Much of the life that remains in Tyre takes place in the city’s Christian enclave by the seaside, the only area that has not been included in the evacuation warnings. There, Christian residents mix with Shiites from other parts of the city who have slept in cars or city-run shelters.

Inside one broken-down school bus, 7-year-old Jana Fadi Muhana looked up when she heard the thud from Israeli strikes one recent afternoon.

“There’s a sound! There’s a sound!” she cried out. She paused, looked to the bus door, which was jammed shut, and then asked her sister to pull her out through the driver’s side window and take her to their mother.

“Sometimes she collapses or cries when she hears the planes and the drones,” her father, Fadi Muhana, 50, muttered as he stood nearby. By the time the family decided to leave their house, the shelters had filled up, so his boss lent him the bus to sleep in after the restaurant where he worked shuttered.

“What can we do? Where can we go?” Mr. Muhana said.

Down the road, Yousef Ghafary cut through plywood in his carpentry shop, among the only businesses open on the street.

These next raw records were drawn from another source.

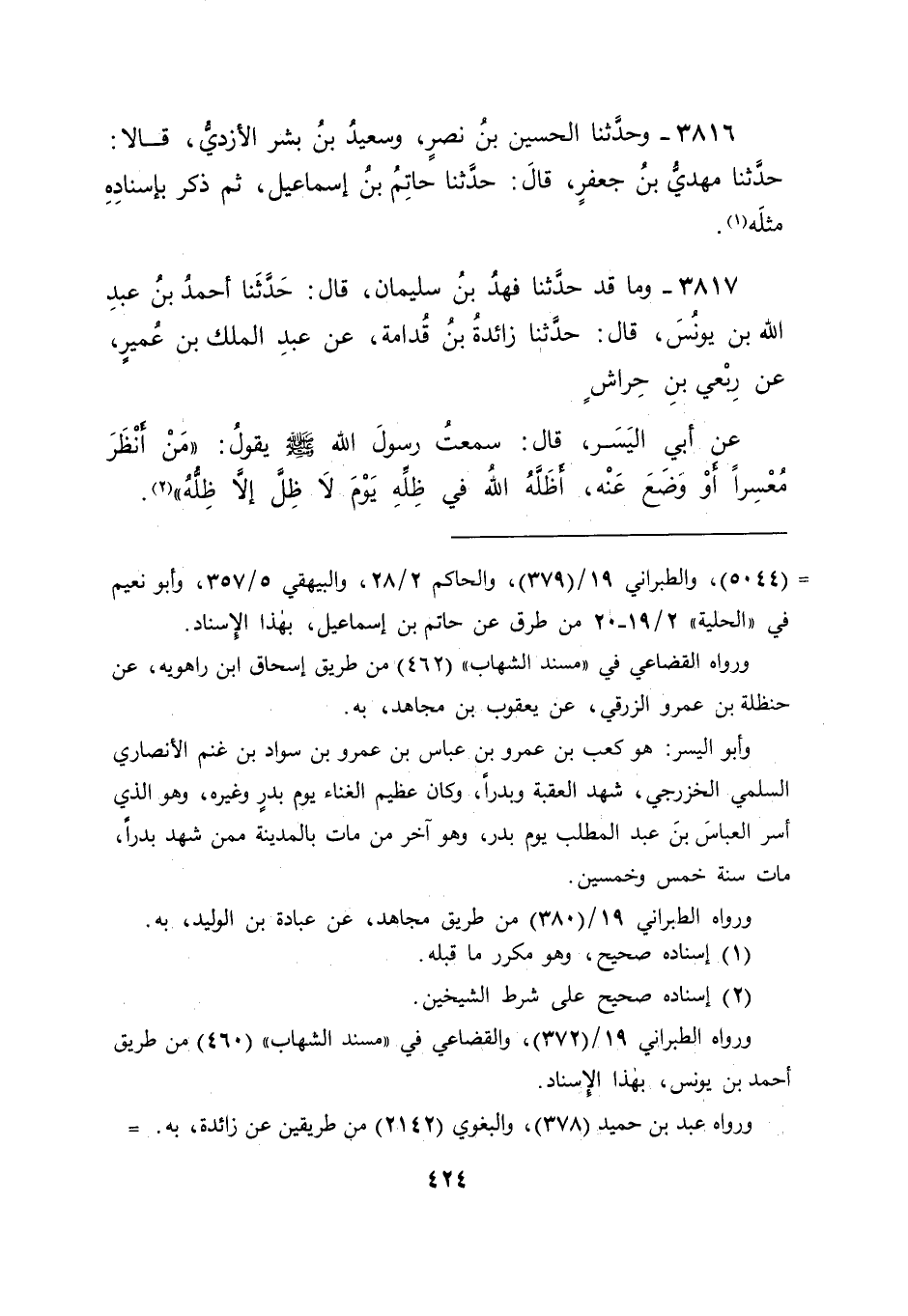 3817 - وَمَا قَدْ حَدَّثَنَا فَهْدُ بْنُ سُلَيْمَانَ قَالَ: حَدَّثَنَا أَحْمَدُ بْنُ عَبْدِ اللهِ بْنِ يُونُسَ قَالَ: حَدَّثَنَا زَائِدَةُ بْنُ قُدَامَةَ , عَنْ عَبْدِ الْمَلِكِ بْنِ عُمَيْرٍ , عَنْ رِبْعِيُّ بْنِ حِرَاشٍ , عَنْ أَبِي الْيَسَرِ قَالَ: سَمِعْتُ رَسُولَ اللهِ صَلَّى اللَّهُ عَلَيْهِ وَسَلَّمَ يَقُولُ: " مَنْ أَنْظَرَ مُعْسِرًا , أَوْ وَضَعَ عَنْهُ , أَظَلَّهُ اللهُ فِي ظِلِّهِ يَوْمَ لَا ظِلَّ إِلَّا ظِلُّهُ "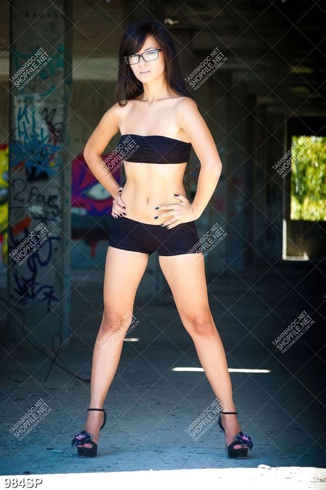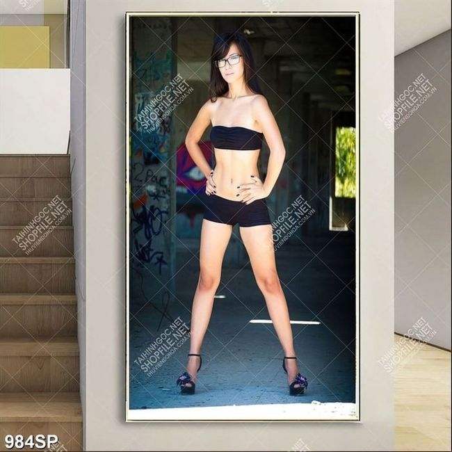 Tranh cô gái trẻ nóng bỏng đứng dưới ngôi nhà củ treo spa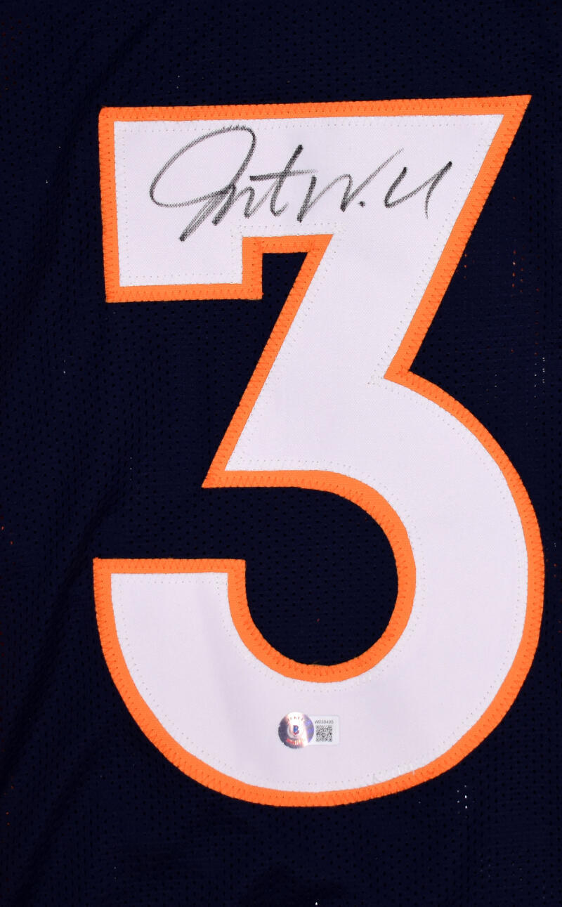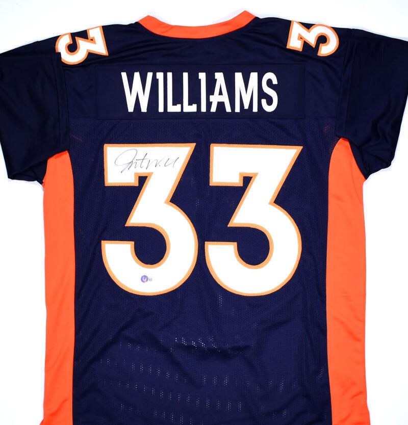 THIS IS NOT AN NFL JERSEY. THIS HAS NO TAGS, NO LOGOS, NO EMBLEMS. This is a hand autograph of Javonte Williams on a custom (Non Name Brand) Authentic style Jersey with stitched letters and numbers. This item has a Beckett Witnessed Authentication, which comes with a Beckett numbered hologram and a QR code for verification. You can view this item on the Beckett Authentication website and it shows when and where the item was signed. It was signed either at a public autograph appearance or a private signing. This is a stock photo of the item. Although you may not receive this exact item, the item you receive is virtually identical and brand new in great shape. Jersey size is XL.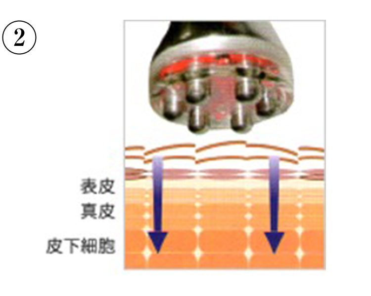 高周波を生体組織に流した場合には、高周波の特徴と生体組織の電力抵抗によってエネルギーの流れやすい部分が決まりそこで発熱します。また、皮膚の奥までマッサージ致します。
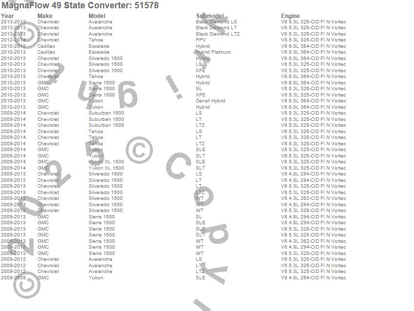 Below is an abreviated list of applications for the Direct Fit Catalytic Converter.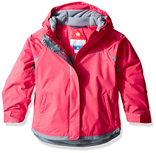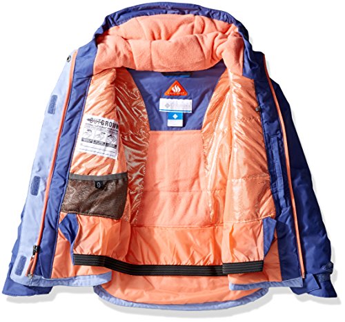 Outfitted with girlish details like a pleating on the shoulder seams and a cute tuilip hem, the Columbia Sportswear Girls Alpine Action Omni-Heat Insulated Jacket features progressive technology and all the bells and whistles to keep them warm and protected on the mountain. Insulation and body-heat-trapping thermal reflective technology provides warmth, waterproof breathability seals out the wet, and special Outgrown™ cuffs that can extend to accommodate for growth over multiple seasons. Omni-Heat Thermal Reflective - Make Your Own Heat Thermal Comfort. This thermal reflective dot lining regulates your temperature, using space blanket technology to reflect, trap and retain your body heat, while maintaining a high level of breathability and interior airflow, to disperse moisture and excess heat, keeping you comfortable. Boosts heat retention by 20% on average, and the metallic nature neutralizes static buildup.Microfleece-lined hood and spinal column..Attached, adjustable hood..OUTGROWN grow system..Adjustable, snap-back powder skirt..Zippered ski pass pockets..Zippered, fleece lined hand pockets..Goggle pocket..Reflective detail..Adjustable cuff tabs..Avg. length: 23in..Import..Feature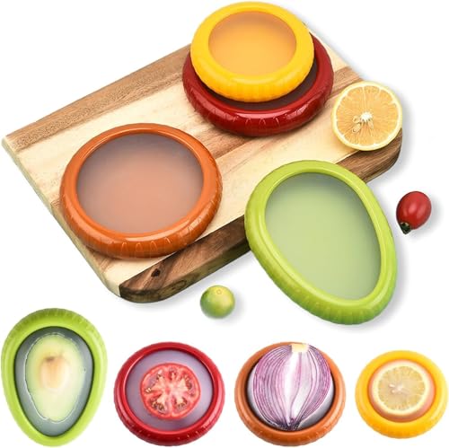 HANR - صندوق تخزين فواكه من السيليكون من هانر، مجموعة حاويات تخزين الفواكه والخضروات من السيليكون لحفظ الفواكه والخضروات في الثلاجة، صندوق تخزين مضاد للأكسدة - 4 قطع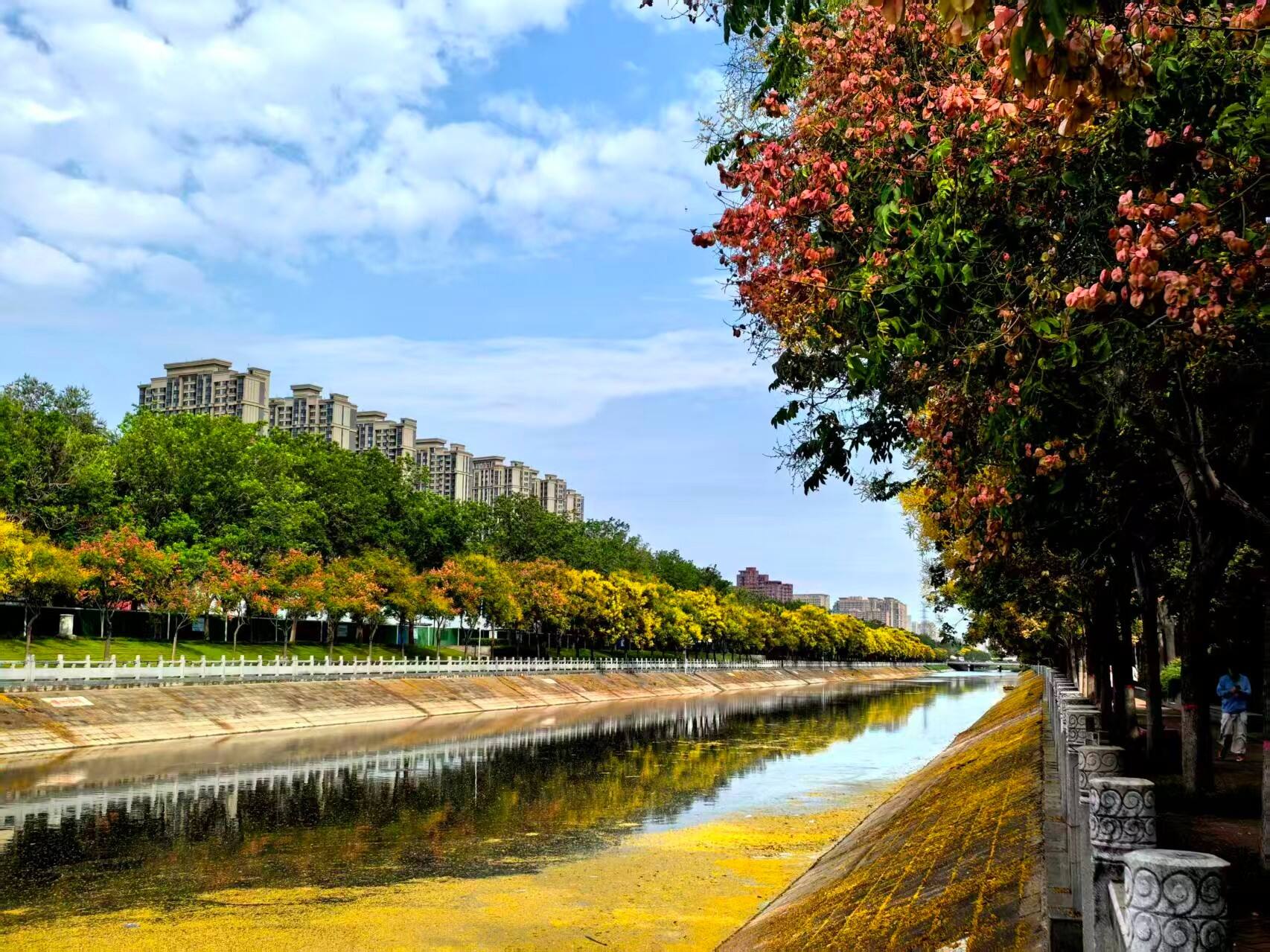 节日前后,郑州市城管局城区河道事务中心运用“加减乘除”工作法,推进“两河一渠”高效能河区治理,为市民打造休闲游玩好去处:增加延缓清扫的落花区域,提升市民节日观赏游玩体验;启动绿化植被全面修剪“瘦身”,及时对绿化带内杂物进行集中清运;根据秋冬季节特点开展升坝蓄水工作,对水面漂浮物、水生杂草等进行“地毯式”打捞,保障河道生态与景观功能稳定;持续排查修复河道沿线损坏的安全护栏、警示标识、救生设施等,筑牢安全防线。

A Christian whose family has lived in Tyre for generations, Mr. Ghafary said that Tyre’s minority Christian and Sunni Muslim residents had been tightly integrated with its Shiite population for decades.

But the war has strained that delicate social fabric. Many Christians now decline invitations from their Shiite friends for fear that they could become collateral damage in Israeli attacks targeting Shiites.

“You know they are the ones under threat, and you worry about exposing yourself to it by being with them,” Mr. Ghafary said.

“I just don’t see an end to this war,” he added."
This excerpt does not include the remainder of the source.